Ziggy Klein has no boobs. The only thing her chest knows how to grow is anxiety. Fifteen years old, Jewish, and hesitant, with an interior life like a hoarder’s apartment, Ziggy has just transferred to Kandara, an all-girls preparatory school in the glossy Sydney suburbs, where she promptly begins studying the dense hierarchical ecology. At the top are the Cates, old-money girls with hyphenated surnames and pearlescent Instagrams. At the bottom are the ugly, the suspected lesbians, and, Ziggy assumes, herself.
Before long, she has fallen in with the feminists. They indoctrinate her immediately. Has she read “A Cyborg Manifesto”?
“I’ll send you a link to the essay,” says Tessa. “It talks about how we’re all transhuman because of our dependence on technology, which is good because it means you don’t have to totally submit to the patriarchy. Cyborgs are part machine, part organism, so they don’t have dads.”
“She was basically writing about iPhones in 1984,” Lex adds, her voice sparkly.
“Who was?”
“Donna Haraway,” says Tessa. “She’s cool. She really hates hot girls.”

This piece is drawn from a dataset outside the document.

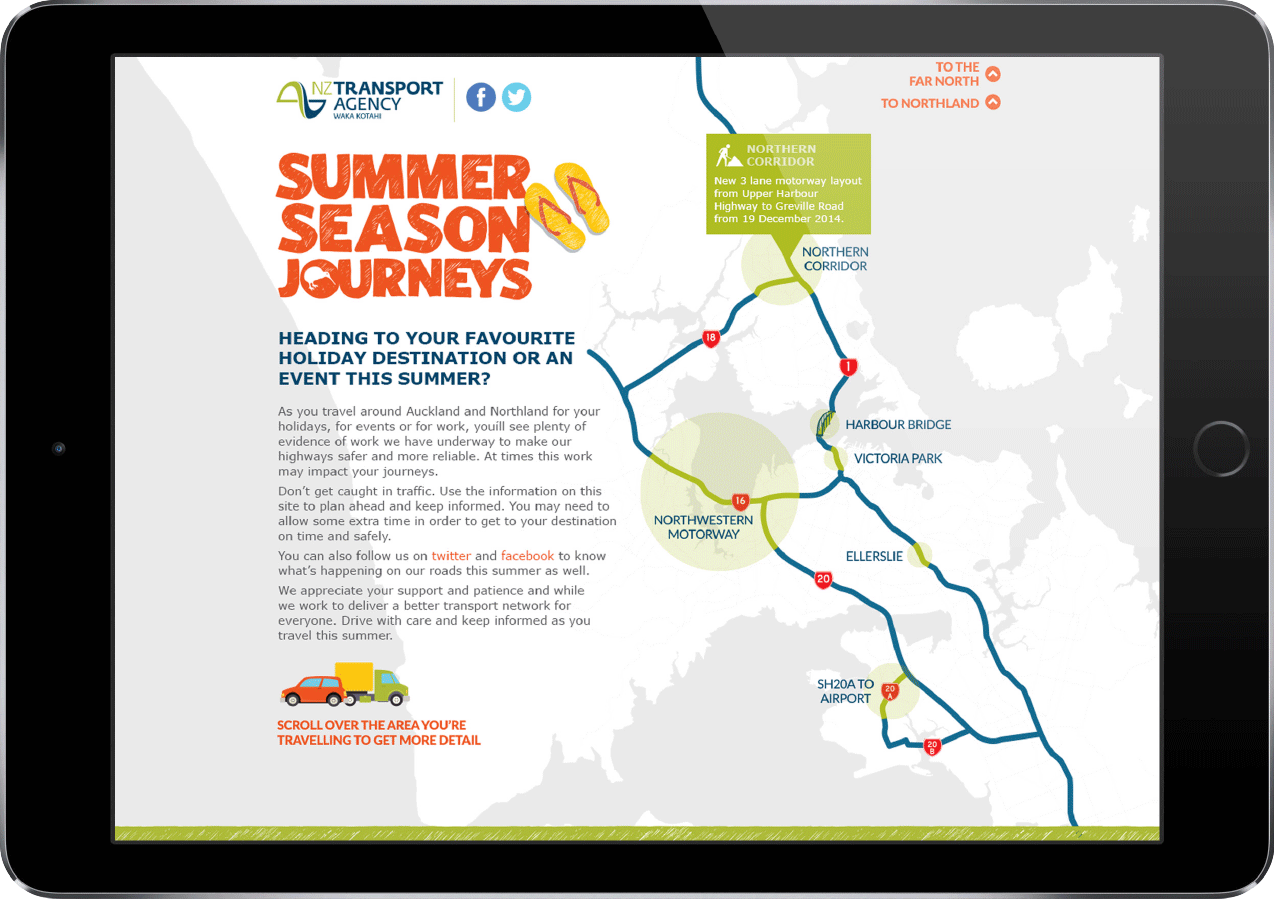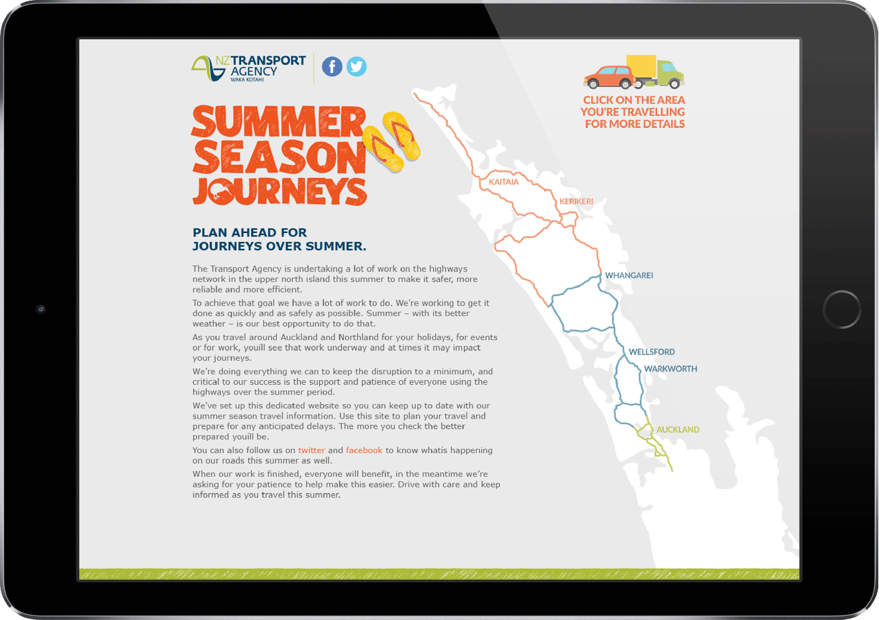 RESULT – As a result of the potential congestion across such a broad area, specific targeting and communication channels were established in the most effected areas, including Kaitaia, Paihia, Whangarei, Dargaville, Warkworth, Auckland and Coromandel. The online products were crucial in ensuring accessability for all road users and holiday makers to where closures and roadworks were.

Tessa, who explains to Ziggy that cyborgs identify as “women of color” because they’re the most excluded, is a bossy redhead with a prosthetic arm whose Anglo grandmother once lived in Cairo. Lex, an edgy music producer whose parents adopted her from Bangladesh, is an actual woman of color. She is also gorgeous, stirring something in Ziggy that feels like racist misogynistic objectification, or failing that, a crush.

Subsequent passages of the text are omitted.